((

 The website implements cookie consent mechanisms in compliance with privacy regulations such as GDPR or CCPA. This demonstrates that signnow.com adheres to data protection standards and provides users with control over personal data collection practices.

))
((

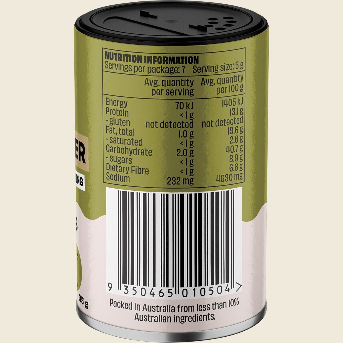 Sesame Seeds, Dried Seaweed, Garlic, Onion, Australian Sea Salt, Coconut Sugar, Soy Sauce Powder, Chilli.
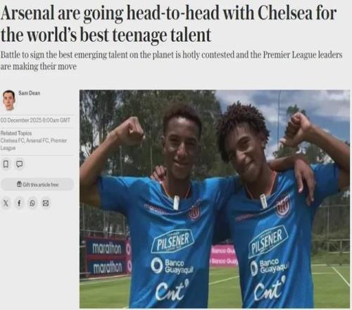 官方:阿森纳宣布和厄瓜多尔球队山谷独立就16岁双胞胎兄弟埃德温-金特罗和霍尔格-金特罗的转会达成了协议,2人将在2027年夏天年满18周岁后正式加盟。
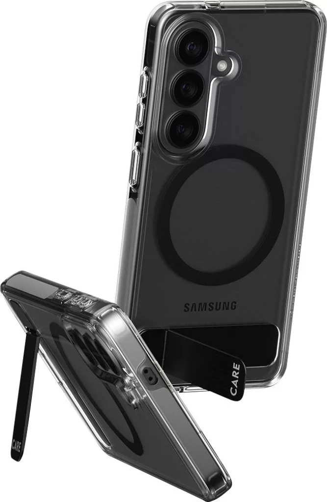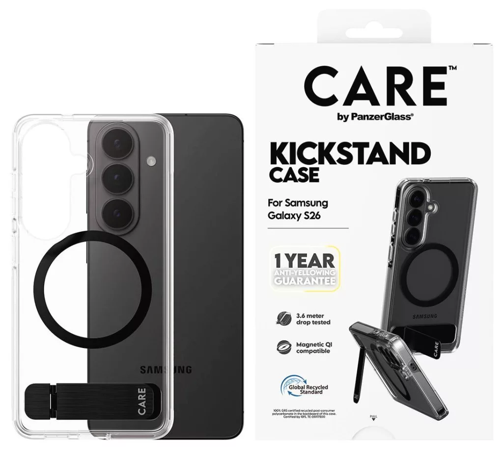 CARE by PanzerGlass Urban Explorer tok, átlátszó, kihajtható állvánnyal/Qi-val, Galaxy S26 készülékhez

))

Work instruction>
Within the entries above, the lines from the one containing "Sesame Seeds, Dried" through the one containing "CARE by PanzerGlass" are to be transcribed exactly, ends included, pictures excluded.

Solution>
 Sesame Seeds, Dried Seaweed, Garlic, Onion, Australian Sea Salt, Coconut Sugar, Soy Sauce Powder, Chilli.
 官方:阿森纳宣布和厄瓜多尔球队山谷独立就16岁双胞胎兄弟埃德温-金特罗和霍尔格-金特罗的转会达成了协议,2人将在2027年夏天年满18周岁后正式加盟。
 CARE by PanzerGlass Urban Explorer tok, átlátszó, kihajtható állvánnyal/Qi-val, Galaxy S26 készülékhez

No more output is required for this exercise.